Assignment: Could you retype the whole listing word for word and drop the images?

Provided material:
-*-
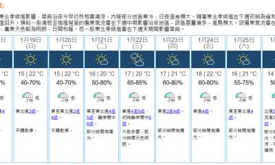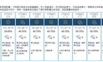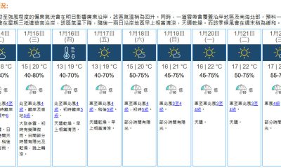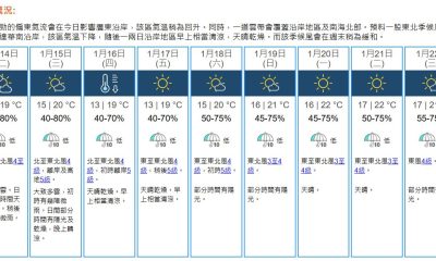 受乾燥的東北季候風影響,華南沿岸明日(18日)早上仍...
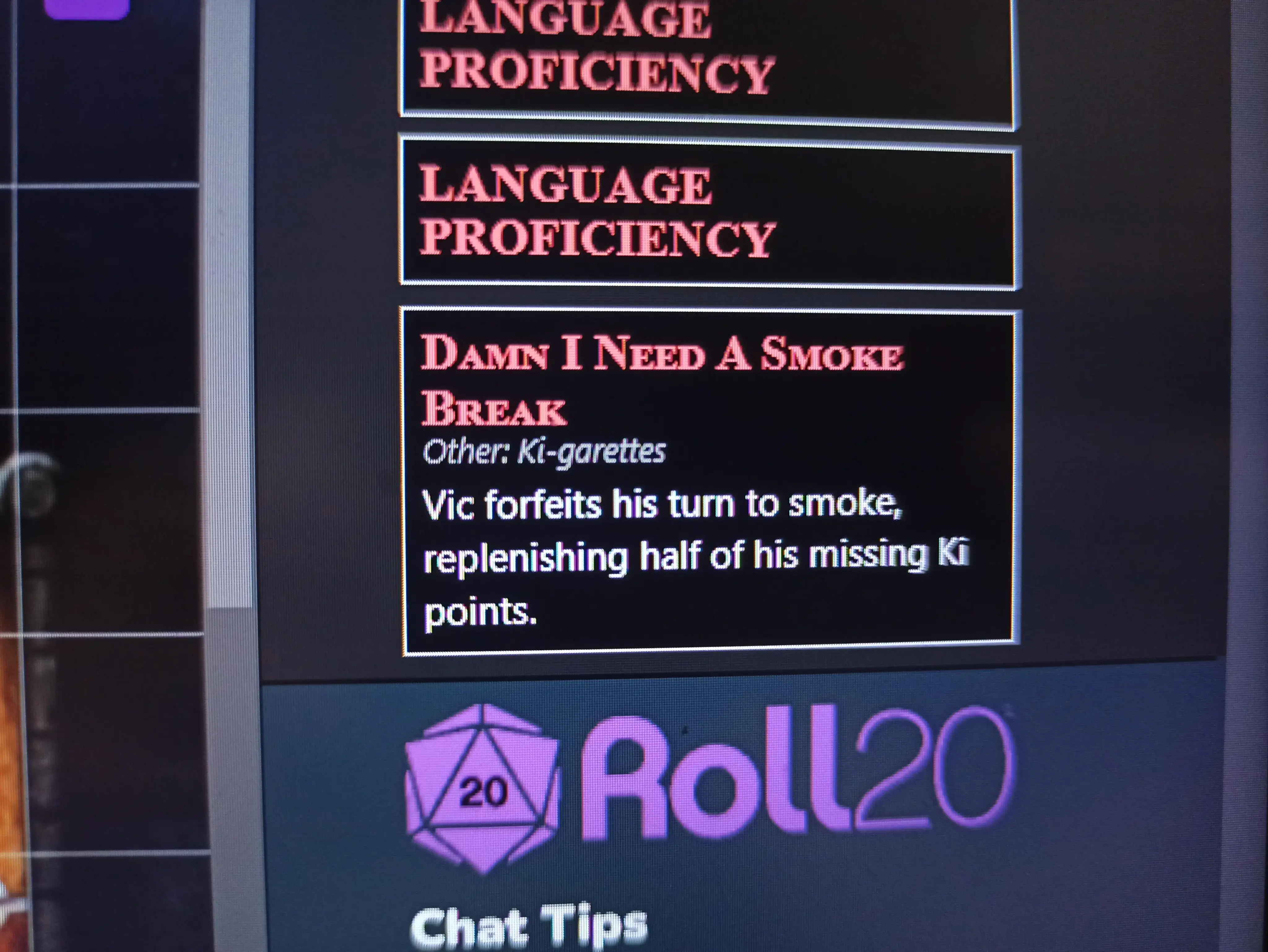 This is peak table-flavor. Sacrifice your action to smoke and half your Ki comes back? Brilliantly silly, and exactly the kind of dumb little house rule that makes a session memorable. I want this printed on a character sheet as a feat.
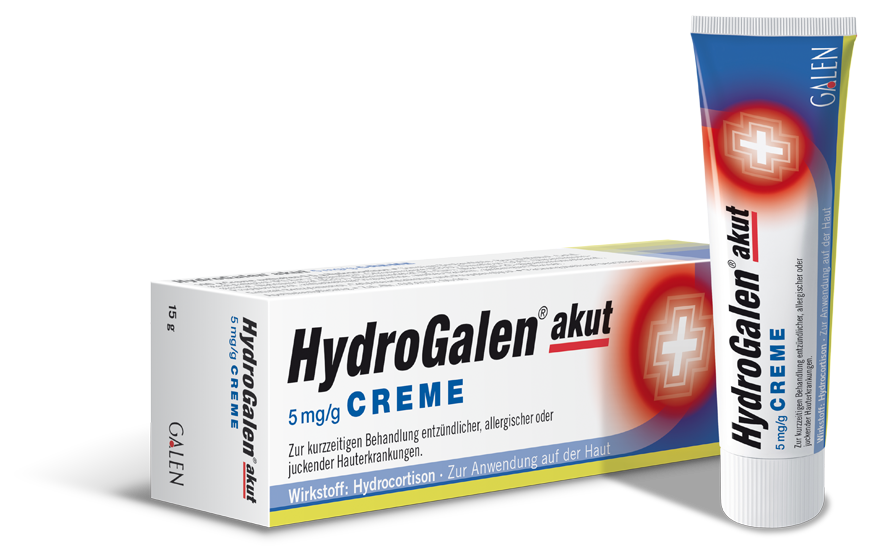 HydroGalen® akut 5 mg/g ist eine entzündungshemmende Creme zur Anwendung auf der Haut. Sie wird angewendet zur kurzzeitigen (maximal 2 Wochen) Anwendung zur Behandlung von entzündlichen, allergischen oder juckenden Hauterkrankungen mit mäßiger Ausprägung, die auf eine äußerliche Therapie mit schwach wirksamen Kortikosteroiden ansprechen. Für Erwachsene und Kinder ab dem vollendeten 6. Lebensjahr.
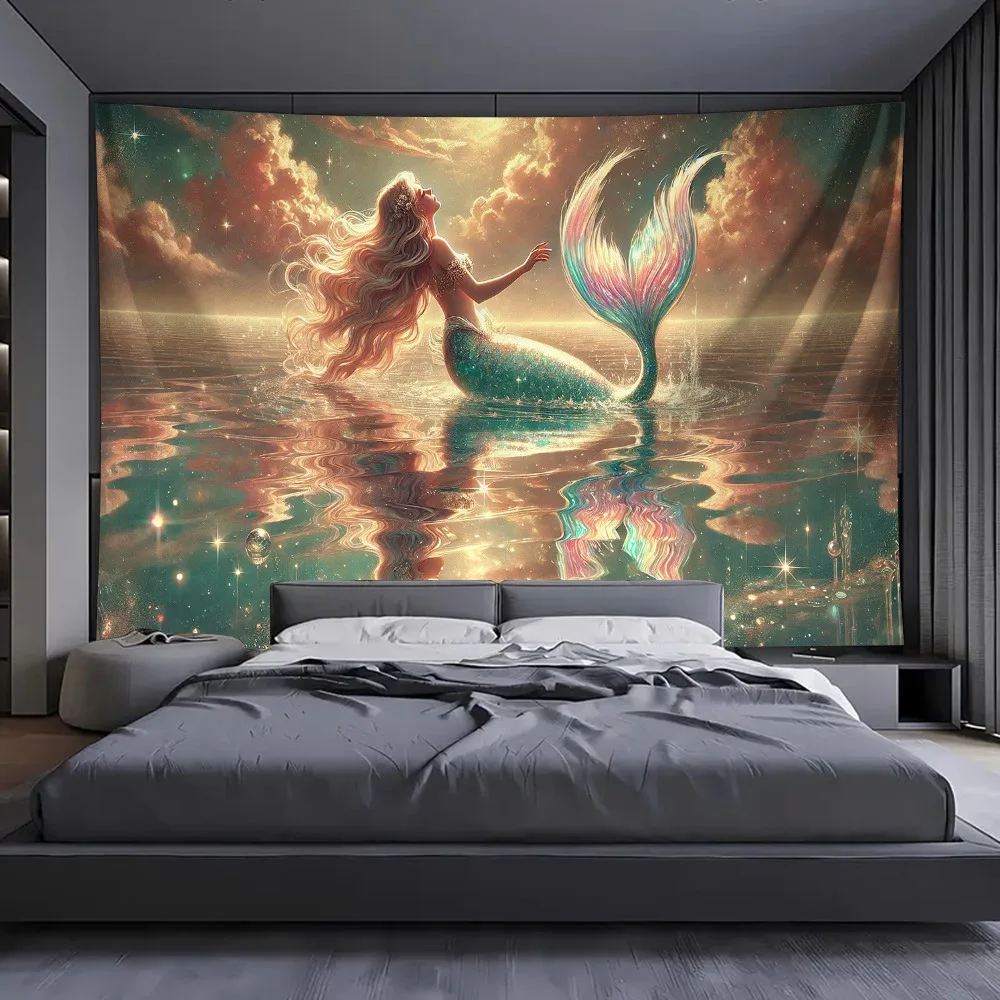 Golden Sunset Mermaid Tapestry - Enchanting Ocean Fantasy Wall Hanging for Dreamy Modern Home Decor
-*-
Written answer:
 受乾燥的東北季候風影響,華南沿岸明日(18日)早上仍...
 This is peak table-flavor. Sacrifice your action to smoke and half your Ki comes back? Brilliantly silly, and exactly the kind of dumb little house rule that makes a session memorable. I want this printed on a character sheet as a feat.
 HydroGalen® akut 5 mg/g ist eine entzündungshemmende Creme zur Anwendung auf der Haut. Sie wird angewendet zur kurzzeitigen (maximal 2 Wochen) Anwendung zur Behandlung von entzündlichen, allergischen oder juckenden Hauterkrankungen mit mäßiger Ausprägung, die auf eine äußerliche Therapie mit schwach wirksamen Kortikosteroiden ansprechen. Für Erwachsene und Kinder ab dem vollendeten 6. Lebensjahr.
 Golden Sunset Mermaid Tapestry - Enchanting Ocean Fantasy Wall Hanging for Dreamy Modern Home Decor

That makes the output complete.